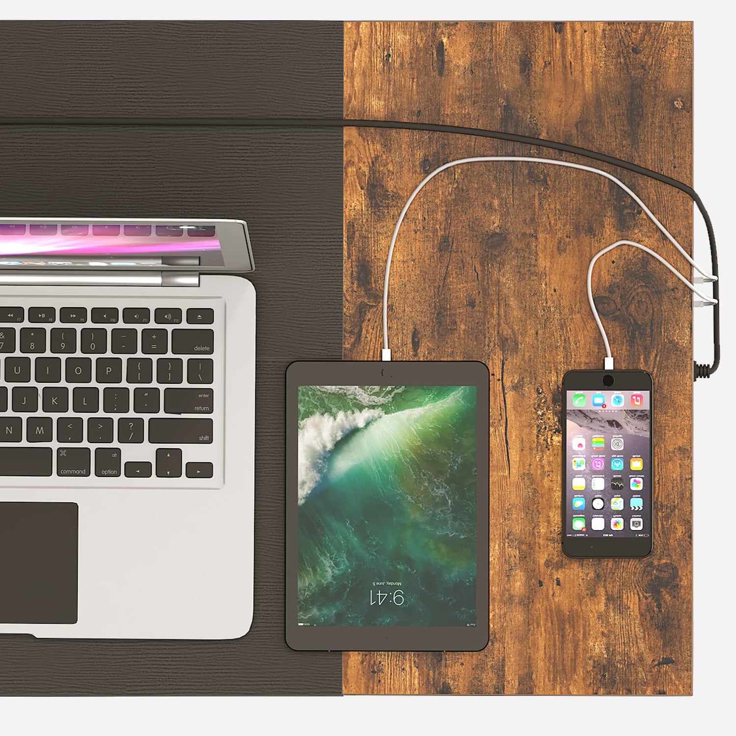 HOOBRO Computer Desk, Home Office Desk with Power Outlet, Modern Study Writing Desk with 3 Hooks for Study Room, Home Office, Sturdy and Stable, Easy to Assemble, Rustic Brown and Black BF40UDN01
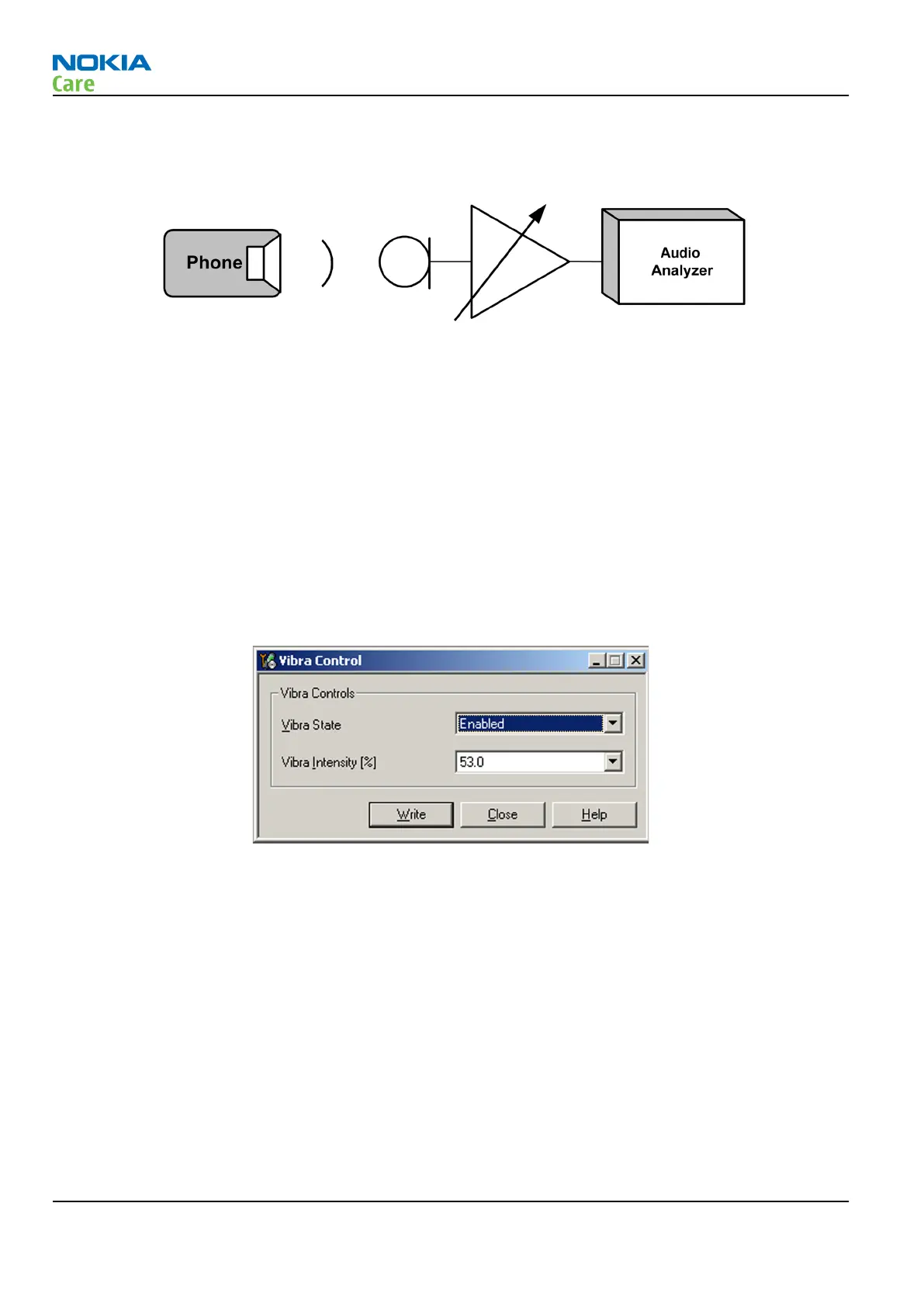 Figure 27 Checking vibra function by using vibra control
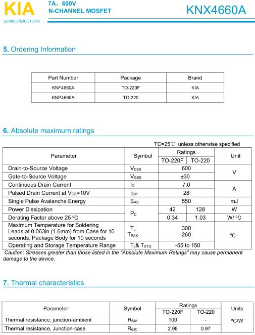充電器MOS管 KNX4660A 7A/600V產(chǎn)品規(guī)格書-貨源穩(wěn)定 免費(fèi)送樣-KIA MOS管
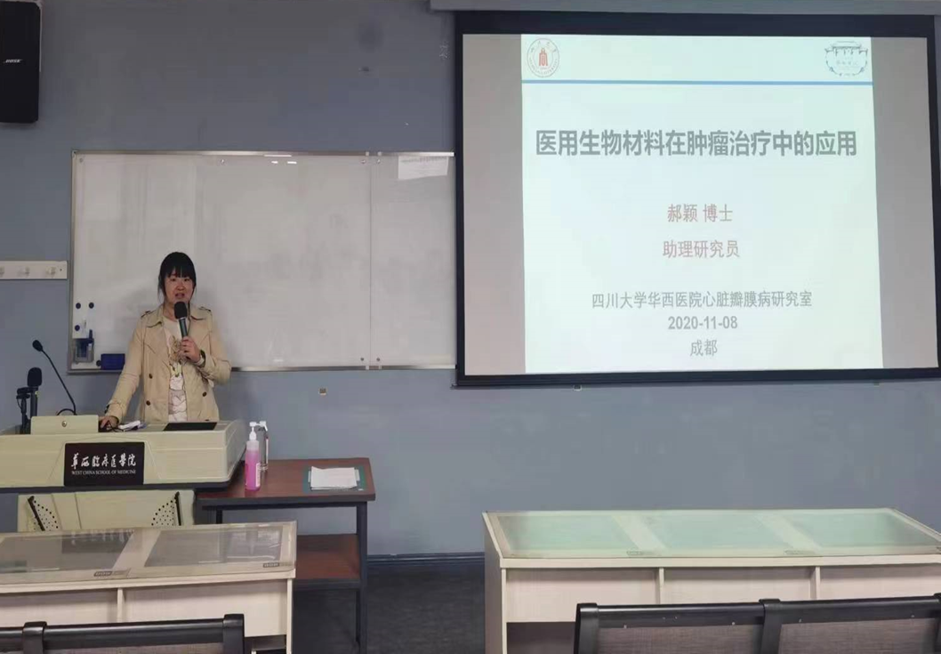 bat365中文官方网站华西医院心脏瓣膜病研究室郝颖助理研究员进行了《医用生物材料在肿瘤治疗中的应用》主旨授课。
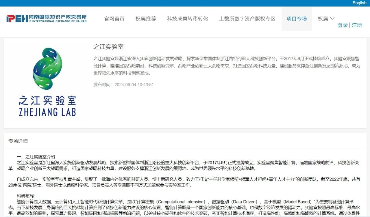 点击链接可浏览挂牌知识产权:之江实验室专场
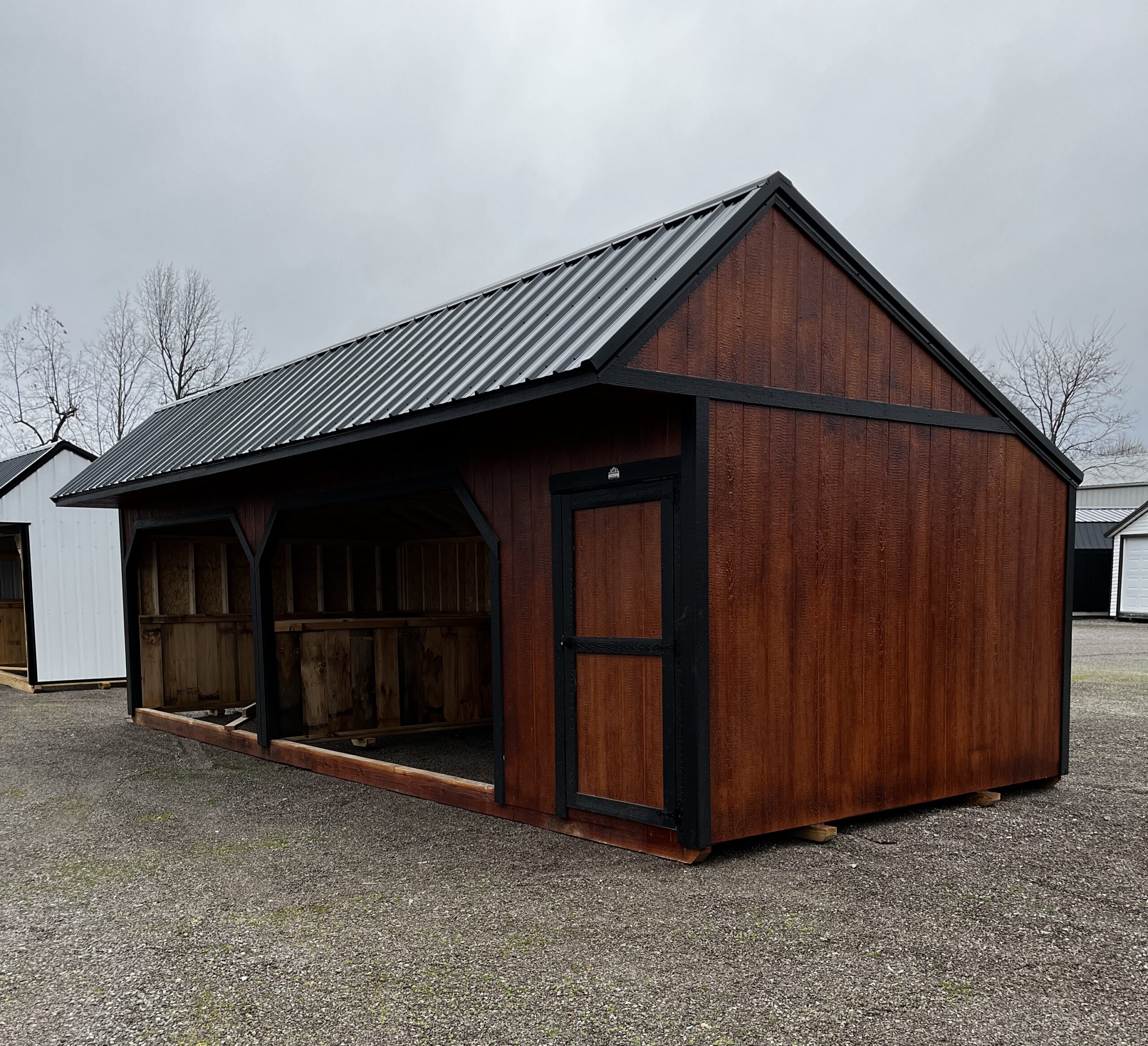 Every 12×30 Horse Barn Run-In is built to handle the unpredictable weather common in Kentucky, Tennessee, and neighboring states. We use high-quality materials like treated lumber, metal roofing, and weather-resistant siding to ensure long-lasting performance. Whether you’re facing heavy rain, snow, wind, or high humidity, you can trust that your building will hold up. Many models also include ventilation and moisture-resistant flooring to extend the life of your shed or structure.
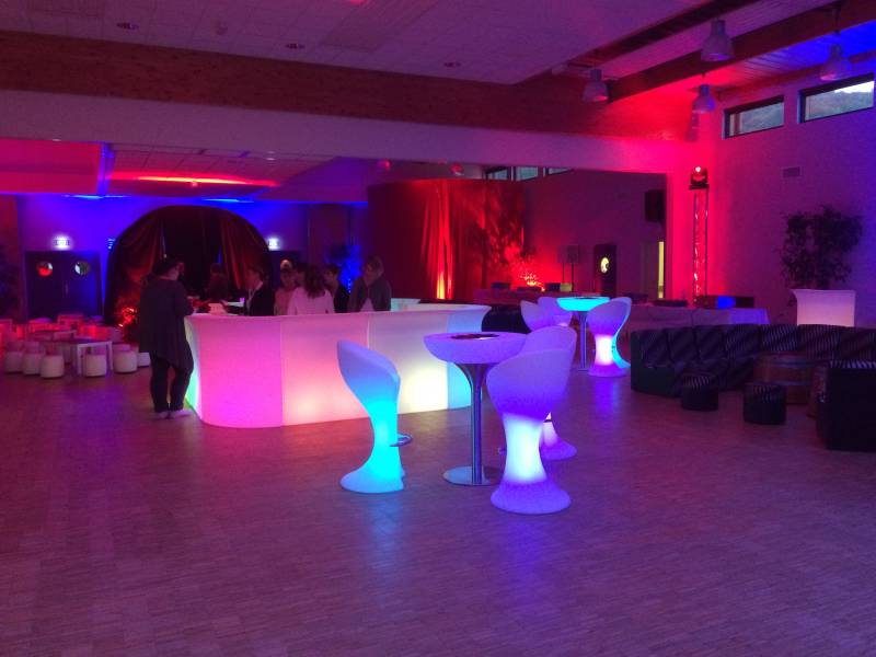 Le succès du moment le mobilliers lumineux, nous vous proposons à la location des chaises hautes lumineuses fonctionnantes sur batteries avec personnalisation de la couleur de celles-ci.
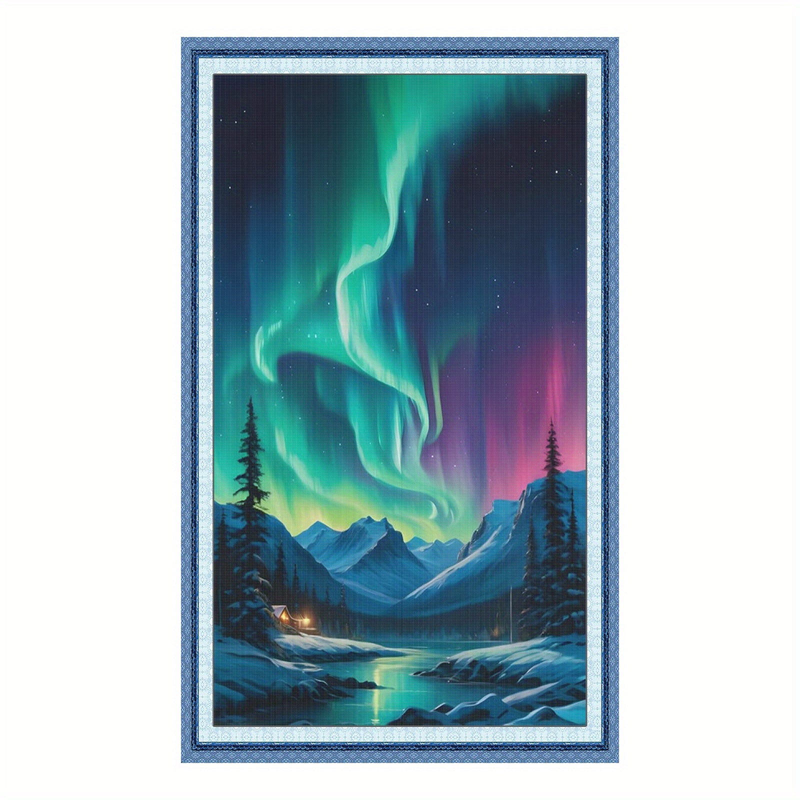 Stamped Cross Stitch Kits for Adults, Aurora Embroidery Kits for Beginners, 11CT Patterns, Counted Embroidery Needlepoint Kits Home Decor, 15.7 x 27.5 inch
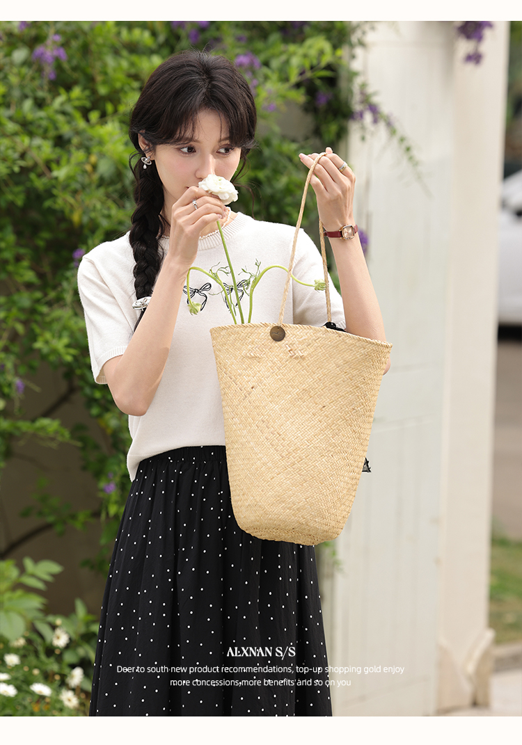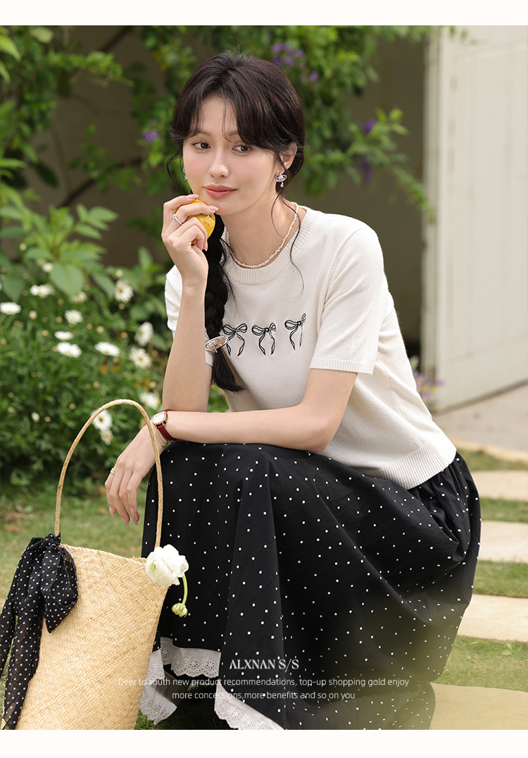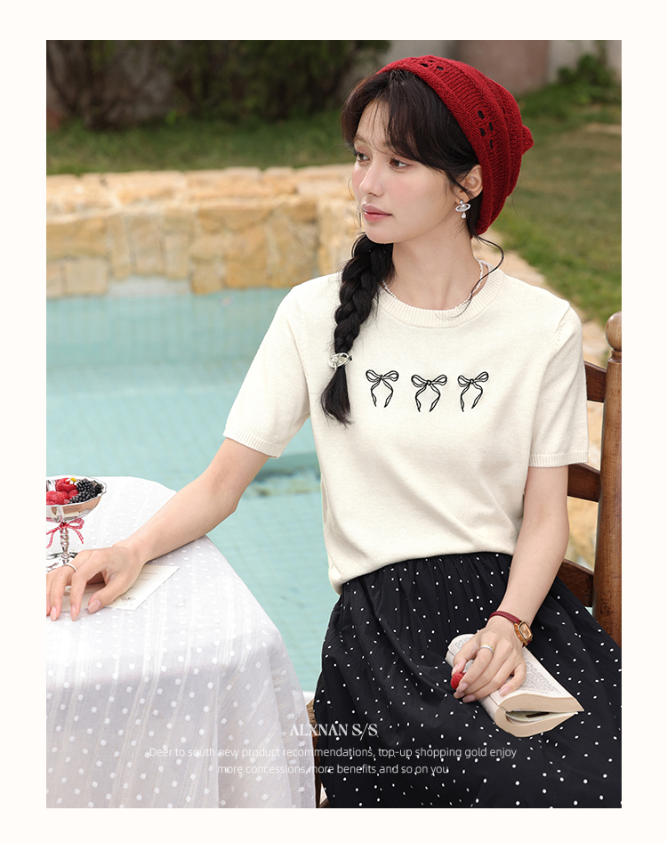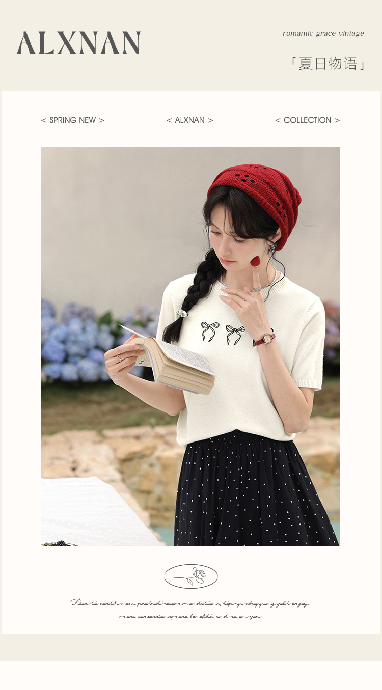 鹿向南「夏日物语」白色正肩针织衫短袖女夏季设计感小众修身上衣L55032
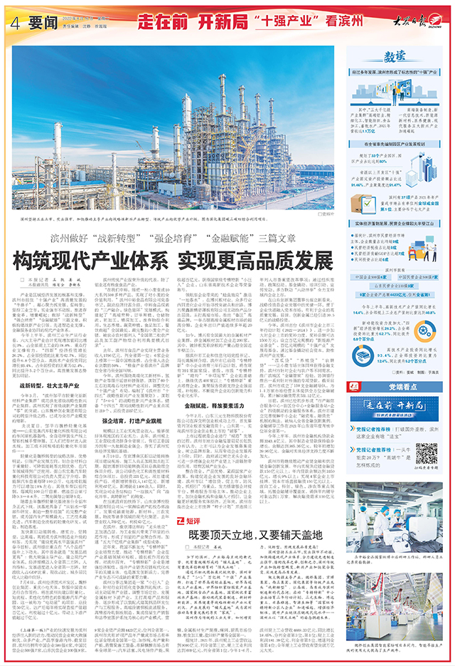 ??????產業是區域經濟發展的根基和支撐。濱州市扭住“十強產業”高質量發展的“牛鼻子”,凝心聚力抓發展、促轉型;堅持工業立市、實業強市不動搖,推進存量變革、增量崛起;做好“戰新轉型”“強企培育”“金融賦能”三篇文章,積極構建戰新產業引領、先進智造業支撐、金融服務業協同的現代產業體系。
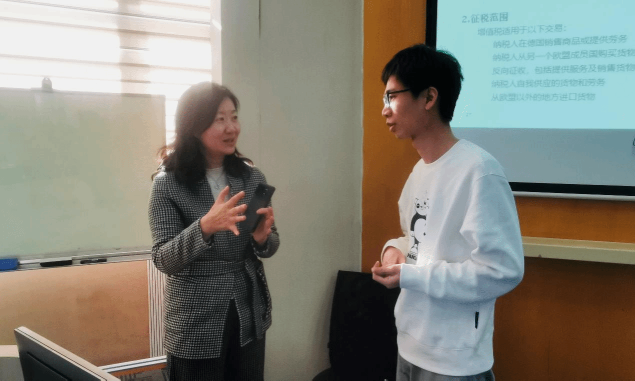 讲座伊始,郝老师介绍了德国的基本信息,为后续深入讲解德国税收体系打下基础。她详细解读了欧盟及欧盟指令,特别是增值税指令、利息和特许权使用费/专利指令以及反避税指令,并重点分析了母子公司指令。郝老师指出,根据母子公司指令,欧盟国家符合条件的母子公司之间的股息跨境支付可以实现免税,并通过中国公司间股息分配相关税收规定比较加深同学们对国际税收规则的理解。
= = = = = = =
Return exactly the lines that appear in the data above between the line containing "Le succès du" and the line containing "鹿向南「夏日物语」白色正肩针织衫短袖女夏季设计感小众修身上衣L55032", both of which are included, and leave the pictures out.

 Le succès du moment le mobilliers lumineux, nous vous proposons à la location des chaises hautes lumineuses fonctionnantes sur batteries avec personnalisation de la couleur de celles-ci.
 Stamped Cross Stitch Kits for Adults, Aurora Embroidery Kits for Beginners, 11CT Patterns, Counted Embroidery Needlepoint Kits Home Decor, 15.7 x 27.5 inch
 鹿向南「夏日物语」白色正肩针织衫短袖女夏季设计感小众修身上衣L55032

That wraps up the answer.